───── RECORDS FOR THIS EXERCISE ─────

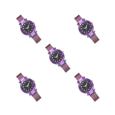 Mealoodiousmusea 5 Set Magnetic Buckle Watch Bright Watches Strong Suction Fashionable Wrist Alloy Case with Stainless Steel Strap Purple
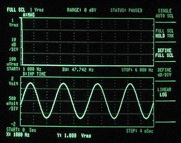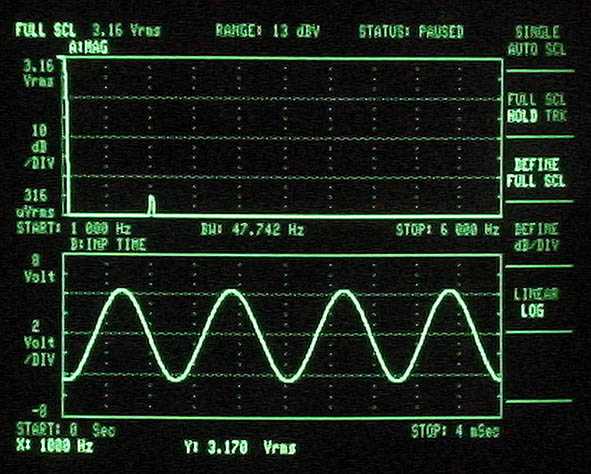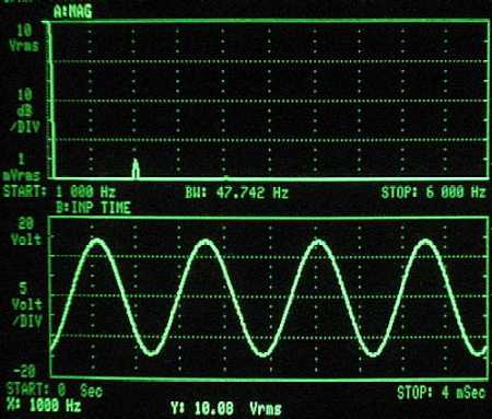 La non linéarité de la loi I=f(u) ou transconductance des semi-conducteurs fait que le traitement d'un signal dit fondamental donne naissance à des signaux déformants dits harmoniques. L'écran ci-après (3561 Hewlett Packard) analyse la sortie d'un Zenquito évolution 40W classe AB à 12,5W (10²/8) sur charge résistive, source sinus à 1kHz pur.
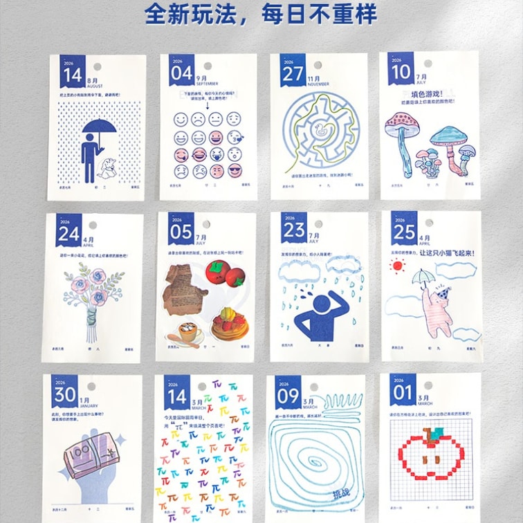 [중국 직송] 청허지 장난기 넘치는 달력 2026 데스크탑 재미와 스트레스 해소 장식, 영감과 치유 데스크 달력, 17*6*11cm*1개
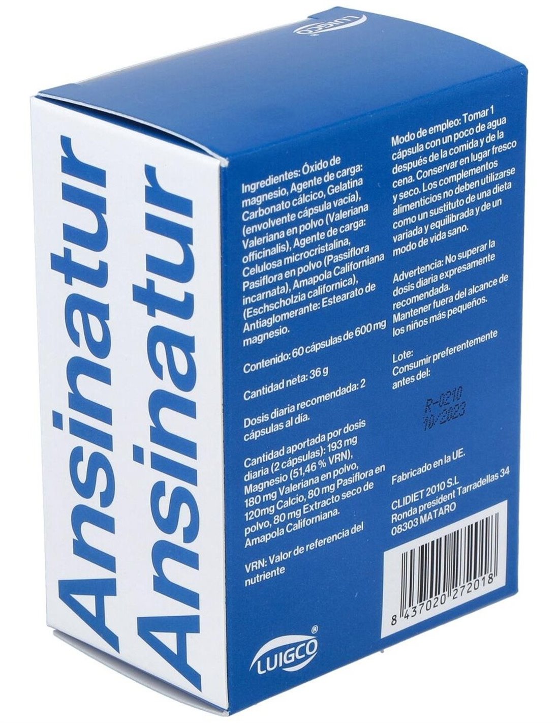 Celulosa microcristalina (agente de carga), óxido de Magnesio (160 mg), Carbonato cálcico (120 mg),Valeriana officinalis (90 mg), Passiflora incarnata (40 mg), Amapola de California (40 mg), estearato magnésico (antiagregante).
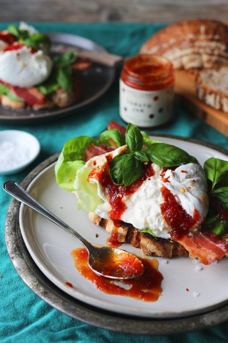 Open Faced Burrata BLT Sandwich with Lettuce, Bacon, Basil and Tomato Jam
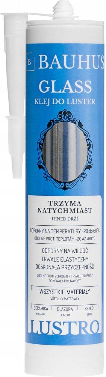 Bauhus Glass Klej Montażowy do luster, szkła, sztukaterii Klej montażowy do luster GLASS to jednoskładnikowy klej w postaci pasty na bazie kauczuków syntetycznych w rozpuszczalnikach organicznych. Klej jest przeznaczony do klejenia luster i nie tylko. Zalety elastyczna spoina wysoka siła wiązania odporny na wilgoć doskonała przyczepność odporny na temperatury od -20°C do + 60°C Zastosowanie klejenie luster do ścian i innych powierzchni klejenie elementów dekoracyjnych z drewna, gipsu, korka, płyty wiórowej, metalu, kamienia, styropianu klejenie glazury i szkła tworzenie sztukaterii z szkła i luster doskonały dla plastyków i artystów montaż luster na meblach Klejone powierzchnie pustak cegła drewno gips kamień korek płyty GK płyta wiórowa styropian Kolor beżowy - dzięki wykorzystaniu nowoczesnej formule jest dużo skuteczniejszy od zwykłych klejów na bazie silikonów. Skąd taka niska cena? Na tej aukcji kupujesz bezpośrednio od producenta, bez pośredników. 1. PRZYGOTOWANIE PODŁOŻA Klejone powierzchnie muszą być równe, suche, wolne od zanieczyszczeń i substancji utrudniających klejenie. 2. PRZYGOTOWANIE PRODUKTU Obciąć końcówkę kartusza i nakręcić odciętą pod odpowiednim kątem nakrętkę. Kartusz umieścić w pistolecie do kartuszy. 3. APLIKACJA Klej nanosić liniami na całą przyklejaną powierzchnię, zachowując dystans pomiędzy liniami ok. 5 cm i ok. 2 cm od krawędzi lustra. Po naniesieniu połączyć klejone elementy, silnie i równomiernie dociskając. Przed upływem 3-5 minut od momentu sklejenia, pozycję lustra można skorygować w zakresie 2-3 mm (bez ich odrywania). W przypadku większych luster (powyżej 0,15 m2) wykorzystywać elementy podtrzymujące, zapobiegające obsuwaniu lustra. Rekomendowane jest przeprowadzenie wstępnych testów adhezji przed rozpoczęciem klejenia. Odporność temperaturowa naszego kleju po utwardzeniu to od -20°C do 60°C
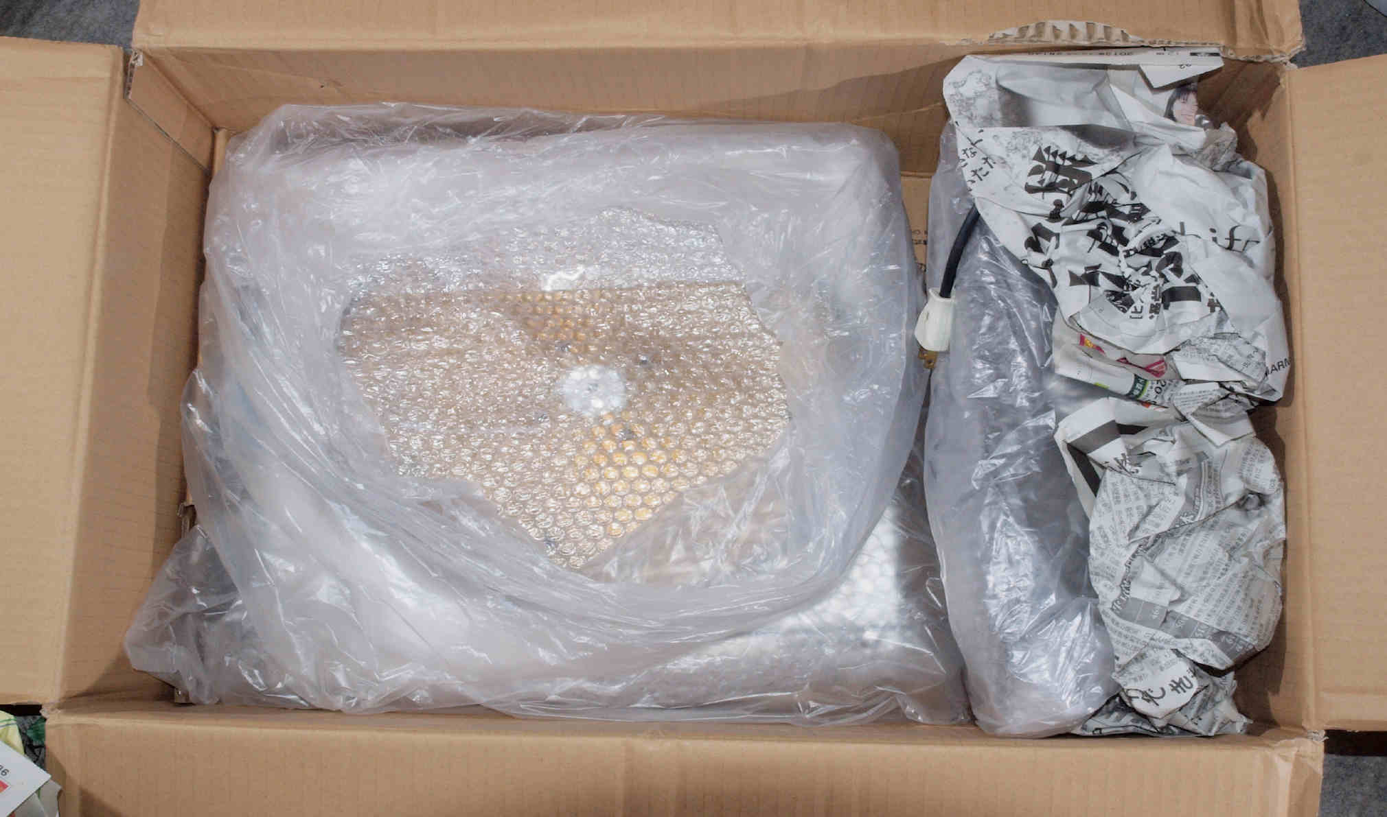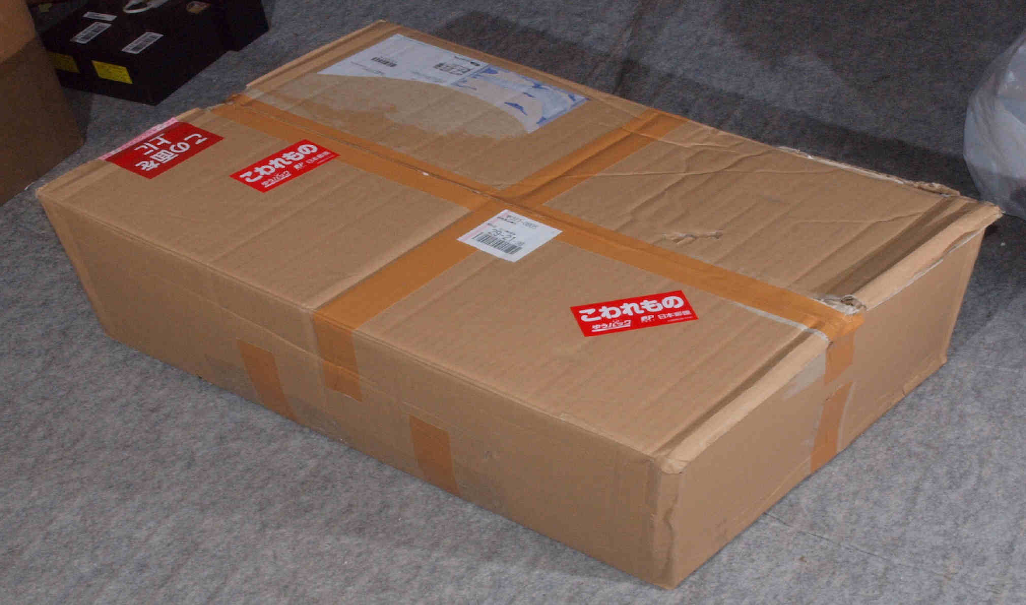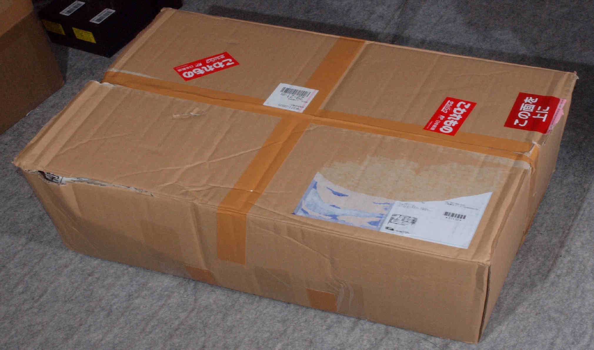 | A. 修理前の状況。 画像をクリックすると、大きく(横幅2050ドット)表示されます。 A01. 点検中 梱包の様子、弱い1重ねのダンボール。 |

─────

● EXERCISE GOAL:
Each line from the top of the material through the line containing "La non linéarité" should be reproduced exactly; please drop any images.

● SOLUTION:
 Mealoodiousmusea 5 Set Magnetic Buckle Watch Bright Watches Strong Suction Fashionable Wrist Alloy Case with Stainless Steel Strap Purple
 La non linéarité de la loi I=f(u) ou transconductance des semi-conducteurs fait que le traitement d'un signal dit fondamental donne naissance à des signaux déformants dits harmoniques. L'écran ci-après (3561 Hewlett Packard) analyse la sortie d'un Zenquito évolution 40W classe AB à 12,5W (10²/8) sur charge résistive, source sinus à 1kHz pur.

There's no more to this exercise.